Few things outside of the Seminary Road diet can rile the public comment portion of an Alexandria City Council meeting like proposed gun control legislation.

At a City Council meeting on Tuesday, the Council unanimously approved moving forward with a sweeping ban on firearms on or near city property — including parks — or on streets near permitted events.

According to the city ordinance:

The poession, carrying or transportation of firearms in any building, or part thereof, owned or used by the City or by any authority or local government entite created or controlled by the City for government purposes or in parks owned or operated by the City, or by any authority or local government entity created or controlled by the City in any recreational or community center facility operated by the locality, or by any authority or local government entity created or controlled by the City and in any public street, road, alley, or sidewalk or public right-of-way or any other place of whatever nature that is open to the public and is being used by or is adjacent to a permitted event or an event that would otherwise require a permit, is prohibited.

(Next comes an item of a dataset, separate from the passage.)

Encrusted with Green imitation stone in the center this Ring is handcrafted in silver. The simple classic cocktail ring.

Exceptions are made in the legislation to military personnel acting within the scope of their official duties, law enforcement officers, private security personnel hired by the City and historical reenactors or other persons who possess a firearm that is inoperative and not loaded with ammunition, provided the reenactor is participating in or travelling to or from a historical reenactment.

Anyone violating the law would be guilty of a Class 1 misdemeanour.

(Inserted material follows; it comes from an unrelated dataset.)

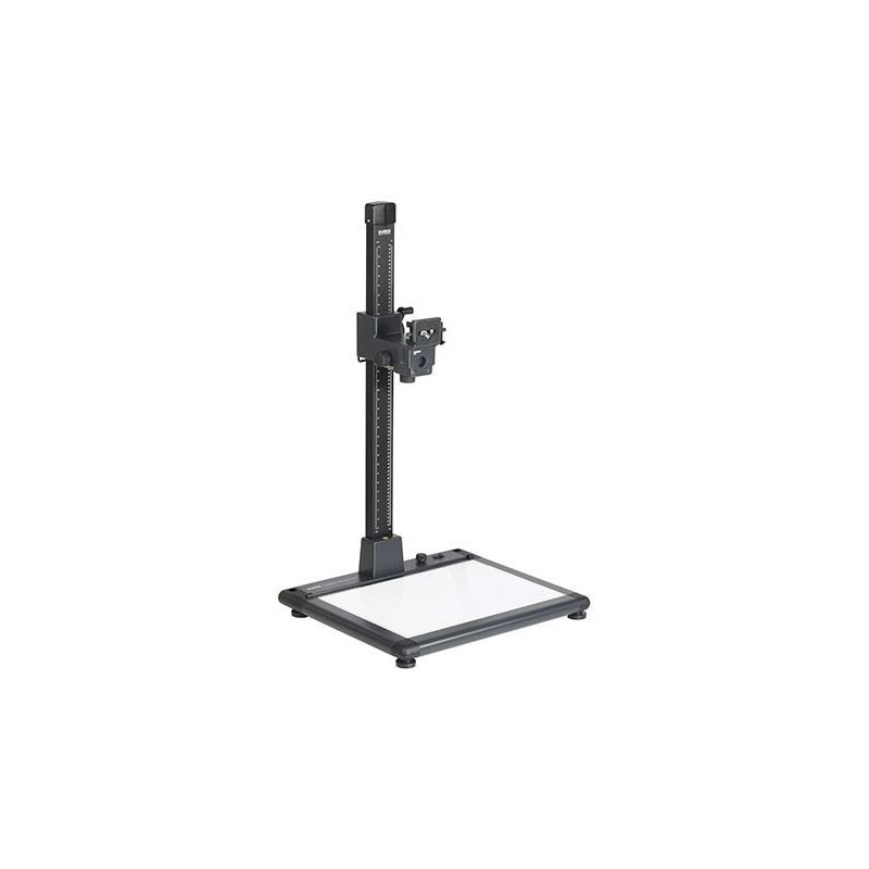 70 mm breite, stabile und schwingungsarme Führungssäule aus mattschwarz eloxiertem Aluminiumprofil mit Skalen in cm und Zoll. Höhenverstellung des Kameraarms über kunststoffgelagerten Reibantrieb mit Kurbel. Gewichtsausgleich durch Drehspiralfeder.

The ordinance was unanimously approved at the City Council meeting and is scheduled for a public hearing and final passage on Saturday, June 20. If approved, the ordinance will go into effect on July 1.

The ban had been previously approved but the City Council has since gotten the legislative approval necessary to implement it.

After the issue received some attention from the NRA website, many of the speakers were staunchly positioned against the ordinance. One speaker, Mark Shinn, said the ordinance was part of the “liberal anti-gun agenda” that Alexandria will turn into the “violent, gang-infested warzones of Chicago and Baltimore.”

Some said the ordinance would make it effectively impossible for legal gun owners to travel through the city, with parks and streets near permitted events swept up in the ban.

“This creates an undue legal burden on gun owners as it’s virtually impossible to know or identify all buildings or parts thereof owned or used by the city or any authority or controlled by the city for government purposes,” said Michael MacKay. “As you can see, this maze of constantly shifting obstacles jeopardizes all legal gun owners’ ability to possess, carry or transport firearms without unknowingly committing a Class 1 misdemeanour.”

Speaker Timothy Angers requested that the city make an exception for those with concealed carry permits, arguing that they have been properly vetted and trained.

“[Othewise] the city becomes a minefield for permit holders,” Angers said. “Just cutting through a pocket park or going near an event could land a permit-holder in jail for a year.”

The ordinance did have some defenders in the public hearing, though. Local resident Sarah Bagley argued the ordinance protects local areas the same way federal government offices are protected.

“[The ordinance] is an effort by our Council to prohibit possession, carrying and transportation of firearms in city buildings and parks,” Bagley said. “Whatever is good enough to protect our President and the Senate is good enough for our schools and public spaces.”